Stored items from a collection:
======

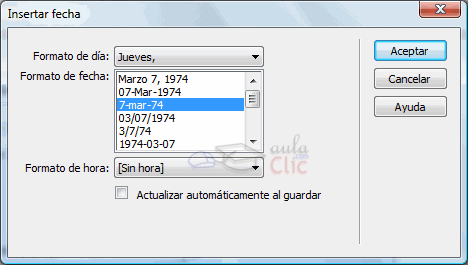 Cuando se modifica una página en la que se ha insertado este tipo de fecha, se actualizará automáticamente con la fecha del sistema.
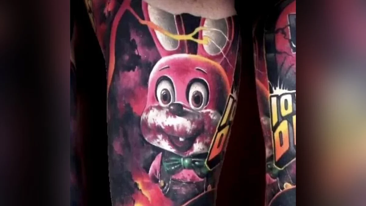 Начнём с известного блогера-фифера Panda FX. У молодого человека множество татуировок по всему телу: самую первую он сделал в 18 лет. Есть у него и тату на игровую тематику. На руке красуется кролик Бонни из серии игр Five Nights at Freddy's. Во всяком случае, рисунок очень похож на персонажа франшизы.
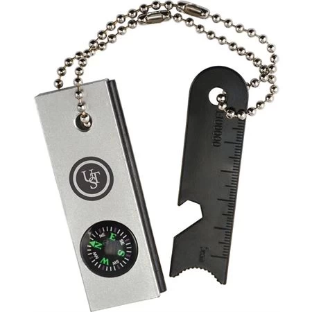 Model – WG02421. UST 02421 – Flintbar 7-in-1. 3″ overall. Tools include: Tinder scraper I Hex wrench I Compass I Flint I Striker I Ruler I Rescue mirror. Hang packaged. Made in China.
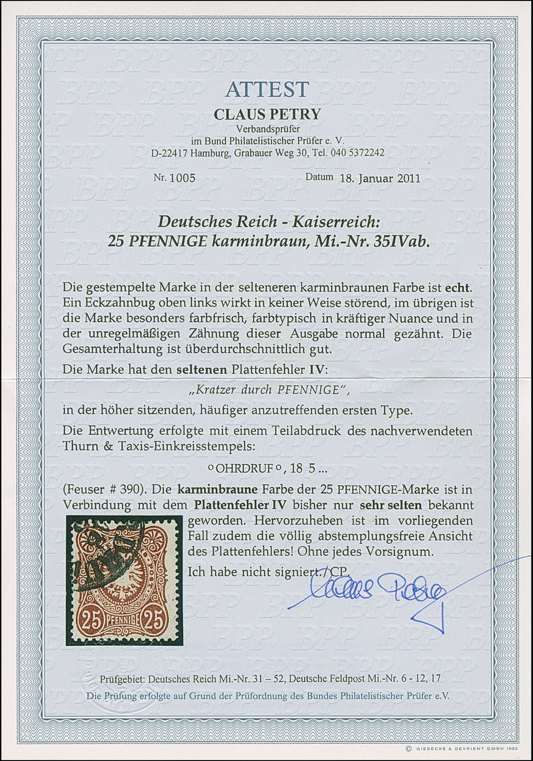 25 Pfge karminbraun mit Plattenfehler “Kratzer durch PFENNIGE”, besonders farbfrische Marke, sauber gestempelt und bis auf einen winzigem Eckzahnbug in einwandfreier Erhaltung. Ein besonders schönes Exemplar, in dieser Kombination sehr selten, Fotoattest Petry BPP (2011)
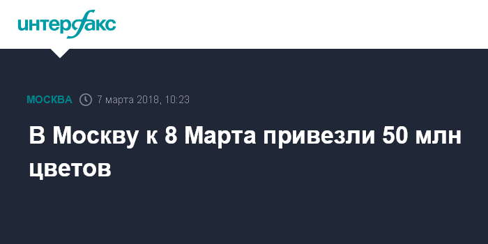 Москва. 7 марта. INTERFAX.RU - Предприниматели завезли в Москву к 8 Марта 50 млн цветов, сообщил мэр столицы Сергей Собянин в своем твиттере в среду.
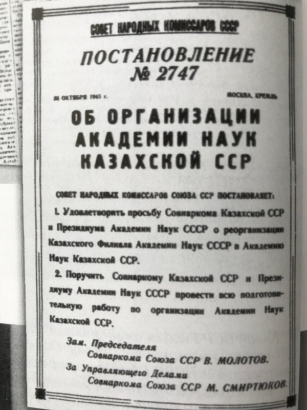 В течение пяти лет Сатпаев собирал ученых, взращивал кадры. Видя результаты его работы, президент Академии наук СССР Владимир Комаров написал представление в правительство КазССР об организации самостоятельной республиканской Академии наук. 1 июня 1946 года в Алма-Ате открылась Академия наук КазССР.
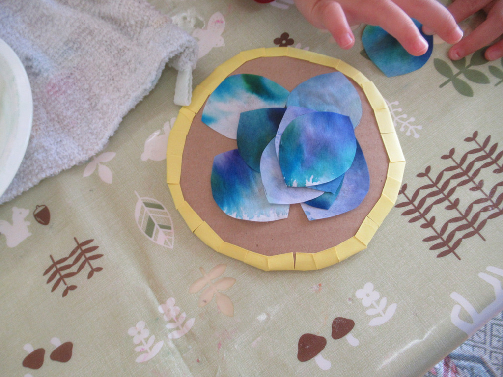 ボンドの使い方も上手になりました。指先で小さなドングリを持ってボンドを付けています。
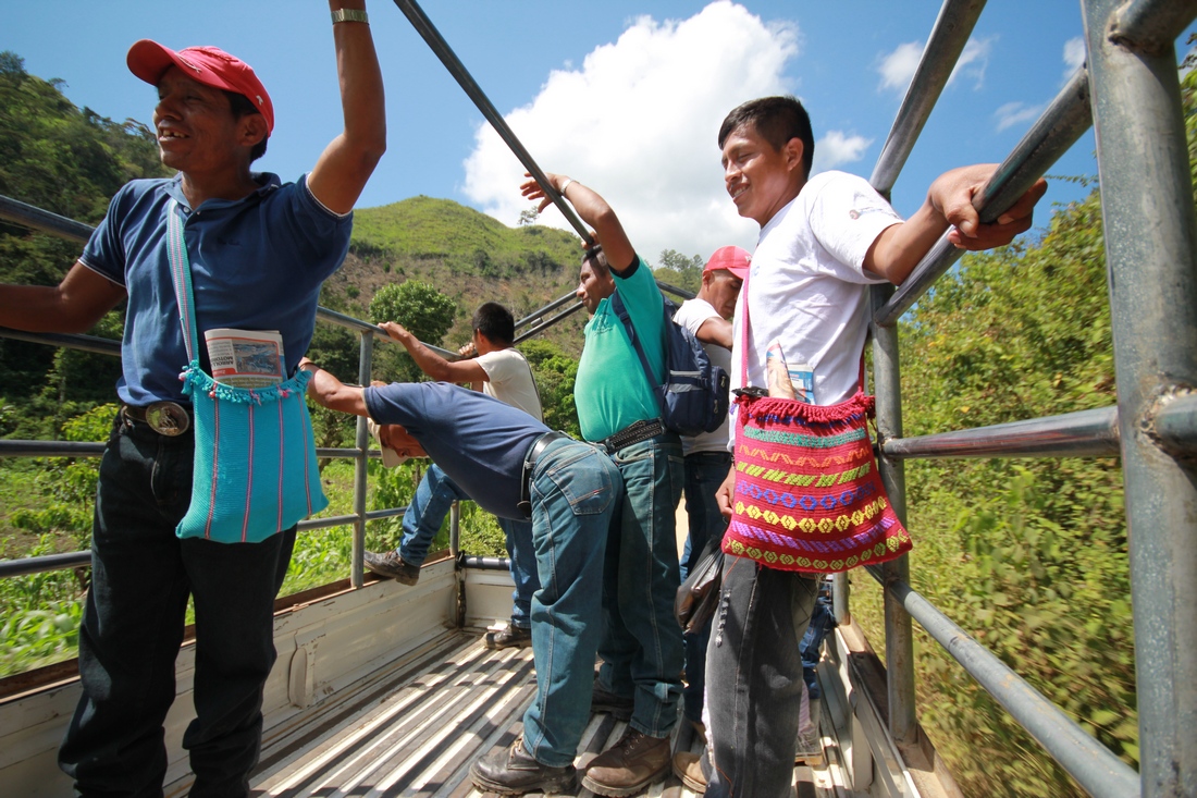 O ile w Birmie mieliśmy pakę wynajętą do własnej dyspozycji, ta którą jeździliśmy w Gwatemali była publiczna. A zasady jakie tu obowiązują są proste – im więcej towaru się zapakuje, tym większa kasa. Skorzystaliśmy z tej lokalnej podwózki by dostać się do rezerwatu Semuc Champey. Zresztą innej opcji po prostu nie było, busy na tym końcu świata nie jeżdżą. Paka rozwozi ludzi do domów w górach lub do pracy w polu, innych potrzeb nie ma. Mieliśmy farta, było dosyć pusto, ale nie bez atrakcji. Towarzyszyło nam m.in. dwóch totalnie nawalonych Gwatemalczyków. Na równej drodze nie mogli się utrzymać, więc zastanawialiśmy się co to będzie. Rzucało nimi bezlitośnie na wszystkie strony, ale dali radę, choć skończyli podróż na kolanach. My zasiedliśmy na worach jakiegoś ziarna. Mary tradycyjnie zasnęła po 10 minutach, nie zważając na niedogodności. Z wioski do rezerwatu jest 10 km kamiennej górskiej drogi. To 10 km to jakaś godzina jazdy.
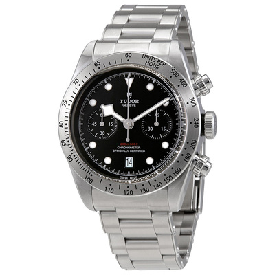 Pre-owned Silver-tone stainless steel case with a silver-tone stainless steel bracelet. Fixed silver-tone stainless steel showing tachymeter markings bezel. Black dial with luminous silver-tone snowflake shape hands and dot hour markers. Minute markers around the outer rim. Dial Type: Analog. Luminescent hands and markers. Date display at the 6 o'clock position. Chronograph - two sub-dials displaying: 60 seconds, and 45 minutes. Tudor Calibre MT5813 Automatic movement, based upon Breitling B01, containing 47 Jewels, bitting at 28800 vph, and has a power reserve of approximately 70 hours. Scratch resistant sapphire crystal. Screw down crown. Solid case back. Round case shape, case size: 41 mm. Band width: 22 mm. Fold over with push button release clasp. Water resistant at 200 meters / 660 feet. Functions: chronograph, date, hour, minute, second, chronometer. Heritage Black Bay Chrono Series. Casual watch style. Watch label: Swiss Made. Tudor Heritage Black Bay Chrono Chronograph Automatic Chronometer Black Dial Mens Watch M79350-0004.
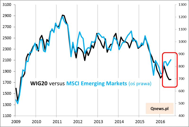 A nasz rynek? WIG20 - historycznie silnie skorelowany z indeksem rynków wschodzących - ciągle pozostaje daleko w tyle. I to nawet mimo dość pochlebnych komentarzy zagranicznych brokerów na temat najnowszej koncepcji zmian w systemie emerytalnym (J.P. Morgan: "Plan wygląda jeszcze bardziej byczo niż początkowo myśleliśmy"). Pewną rolę odgrywa tu zapewne nadal strach przed konsekwencjami "Brexitu". Teoretycznie takie zaległości to jednocześnie duży potencjał na przyszłość, ale trudniej odpowiedzieć na pytanie kiedy pojawi się impuls do jego realizacji oraz czy WIG20 zdąży z nadrabianiem zaległości zanim rynki wschodzące przeżyją mocniejszą korektę.
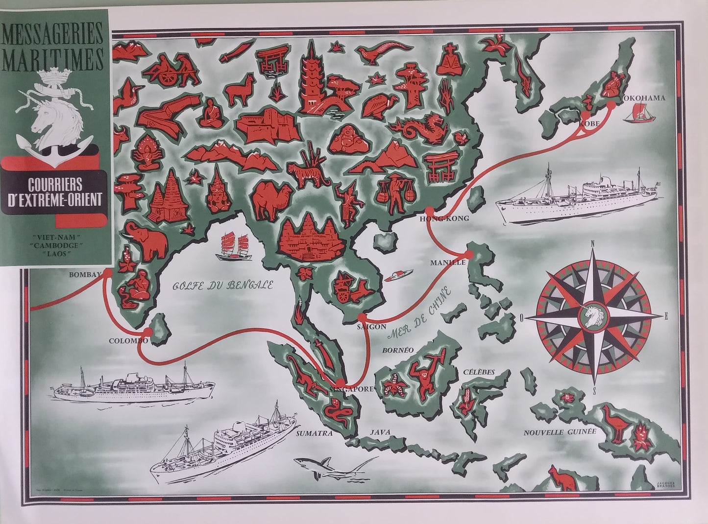 Poster of the Messageries Maritimes - Far Eastern Lines - 1950s
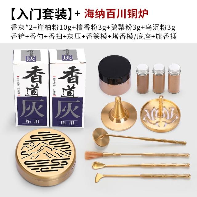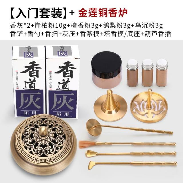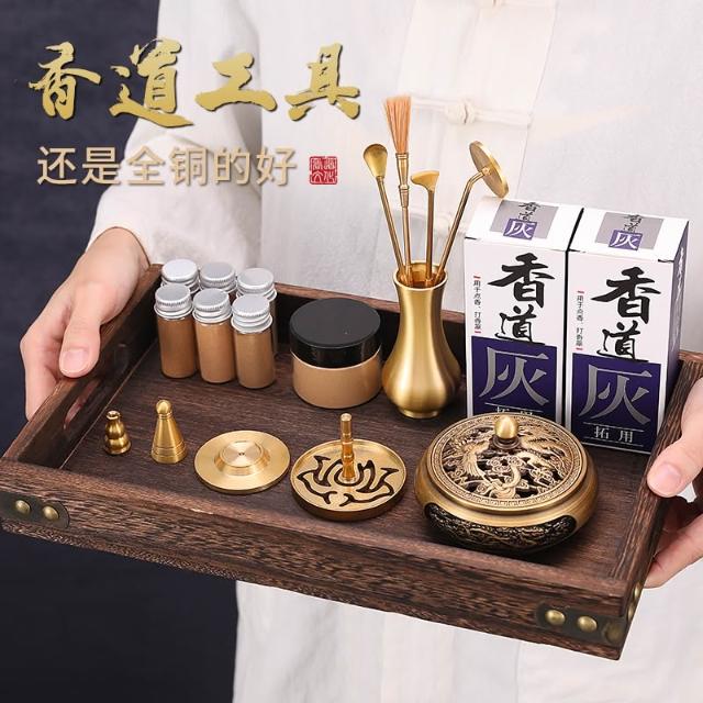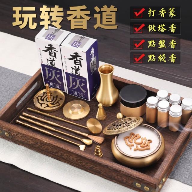 桃甜也居家生活 香篆套裝黃銅香道檀香製香工具香薰爐入門級香粉打篆灰壓用品香爐
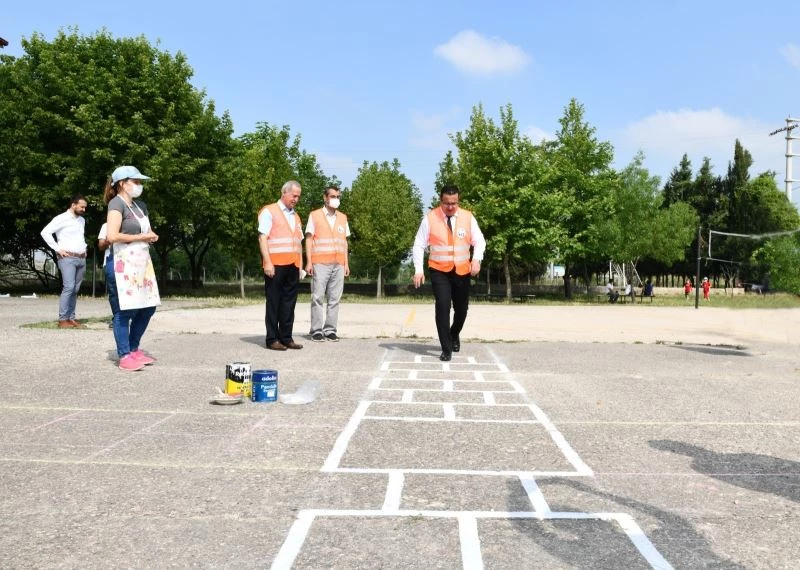 Çocuk oyun alanlarının çiziminden okul ihata duvarlarının donatılmasına kadar birçok faaliyetlerin yer aldığı programda, Başkan Kanar ve Milli Eğitim Müdürü Efe, 2 Temmuzda sona erecek eğitim programı öncesi çocuklara destek verdi.
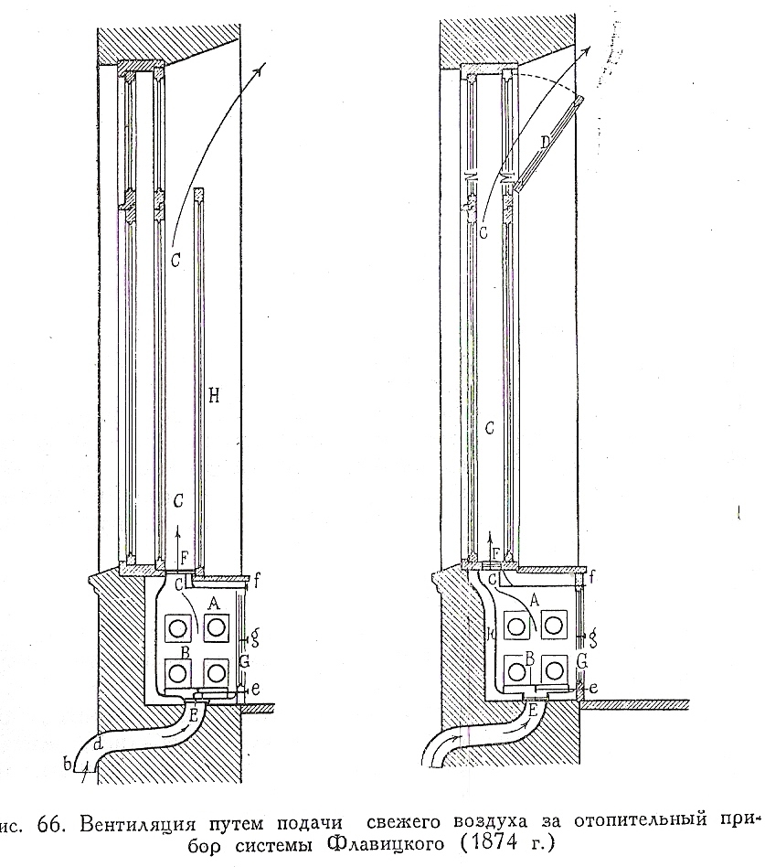 В разных вариантах встречаю децентрализованый приток воздуха непосредственно в отапливаемые помещения у наружной стены,за нагревательным прибором,особенно в старой литературе.Автором этого метода является инж. Флавицкий И. ,который впервые применил такую систему вентиляции в 1874году в нескольких жилых домах Петербурга,а так же в 1875году в Петербургской больнице для душевнобольных.В современном виде я нигде с ней не сталкивался.Почему?
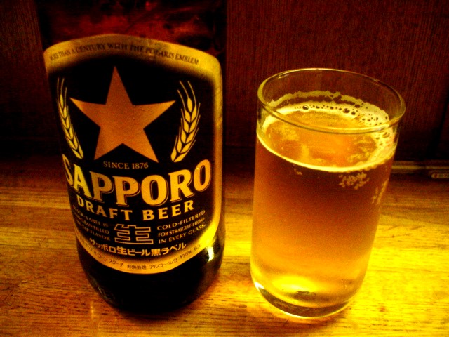 「ビール(大550円)ください。」と注文。「サッポロ、キリン・・・。」・・・銘柄を選ぶスタイルだったか。「「じゃあ、サッポロで」。ふと横を見ると、入り口近くのお客さんはキリンビールを飲んでいる。「はい。」と女将さんがまずグラスを渡してくれる。「どうも。」と受け取ると、女将さんがビール瓶を持って待っている。おお、お酌をしてくれるのか、とグラスを出す。女将さんは、一瞬「えっ?」という表情だったが、すぐに笑顔で「ようこそ」とお酌をしてくれる・・・勘違いだったか。「すみません。そういうことじゃなかったんですね。」「いえいえ。」ちょっと恥ずかしいぞ。
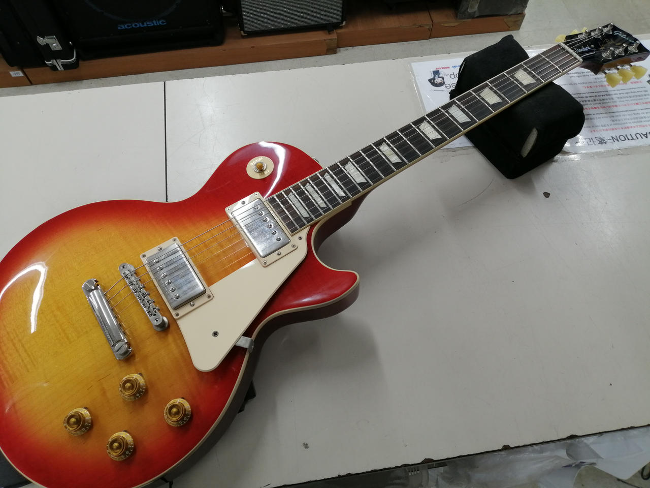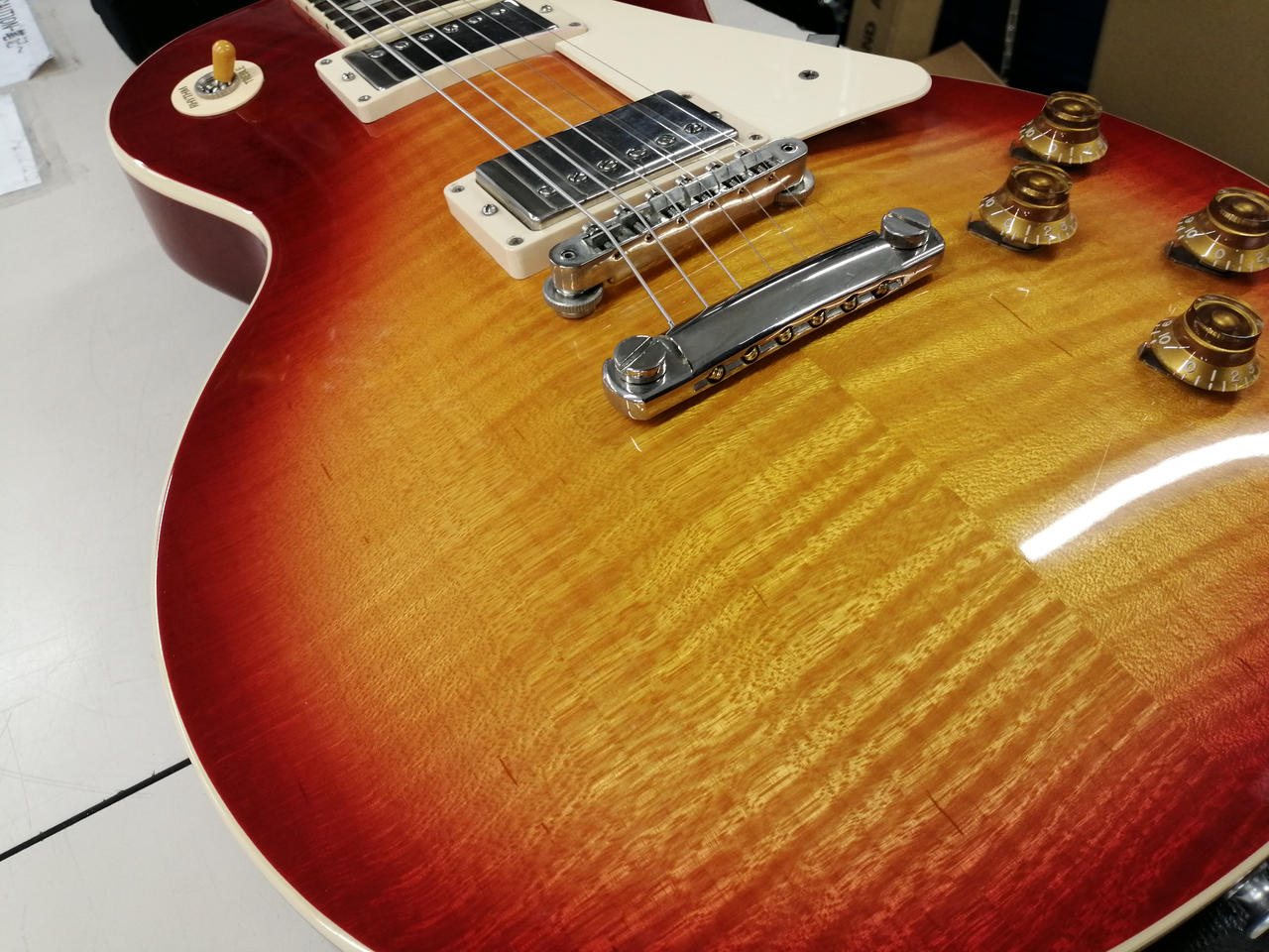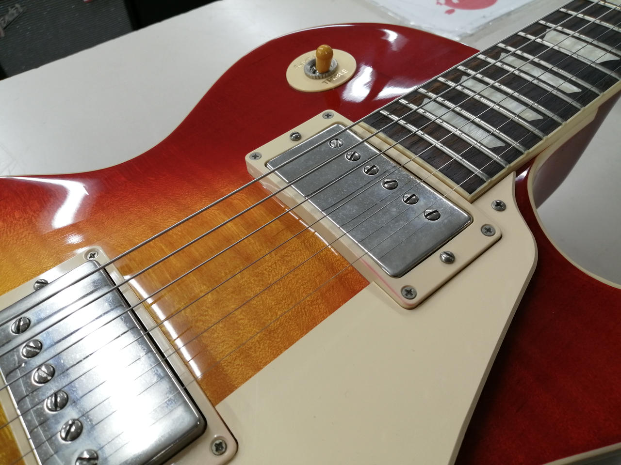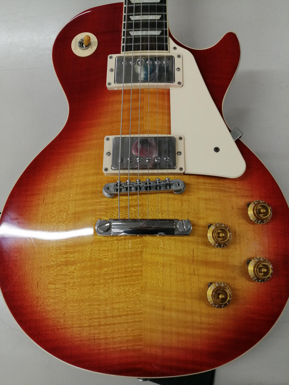王道中の王道、Gibson Les Paul Standard!こちらは50年代仕様になります。しっかり握りこむ太めのネックにGibsonと言えばのクルーソンペグ、鮮やかなチェリーサンバーストが目を惹きます。ピックアップはBURST BUCKER1、2がそれぞれ搭載、程よい出力とビンテージライクのサウンドでクリーンからドライブまで多彩に対応できます。2022年モデルは「Figured」ではありませんが、それでもなかなかに杢も出た個体ではないでしょうか。 |
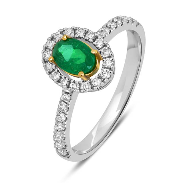 Кольцо из белого золота с бриллиантами и изумрудом (049570)

======

Assigned task:
Exact copy, pictures excluded: every line above from the one containing "ボンドの使い方も上手になりま" to the one containing "O ile w Birmie", inclusive, and nothing more.

Answer to the problem:
 ボンドの使い方も上手になりました。指先で小さなドングリを持ってボンドを付けています。
 O ile w Birmie mieliśmy pakę wynajętą do własnej dyspozycji, ta którą jeździliśmy w Gwatemali była publiczna. A zasady jakie tu obowiązują są proste – im więcej towaru się zapakuje, tym większa kasa. Skorzystaliśmy z tej lokalnej podwózki by dostać się do rezerwatu Semuc Champey. Zresztą innej opcji po prostu nie było, busy na tym końcu świata nie jeżdżą. Paka rozwozi ludzi do domów w górach lub do pracy w polu, innych potrzeb nie ma. Mieliśmy farta, było dosyć pusto, ale nie bez atrakcji. Towarzyszyło nam m.in. dwóch totalnie nawalonych Gwatemalczyków. Na równej drodze nie mogli się utrzymać, więc zastanawialiśmy się co to będzie. Rzucało nimi bezlitośnie na wszystkie strony, ale dali radę, choć skończyli podróż na kolanach. My zasiedliśmy na worach jakiegoś ziarna. Mary tradycyjnie zasnęła po 10 minutach, nie zważając na niedogodności. Z wioski do rezerwatu jest 10 km kamiennej górskiej drogi. To 10 km to jakaś godzina jazdy.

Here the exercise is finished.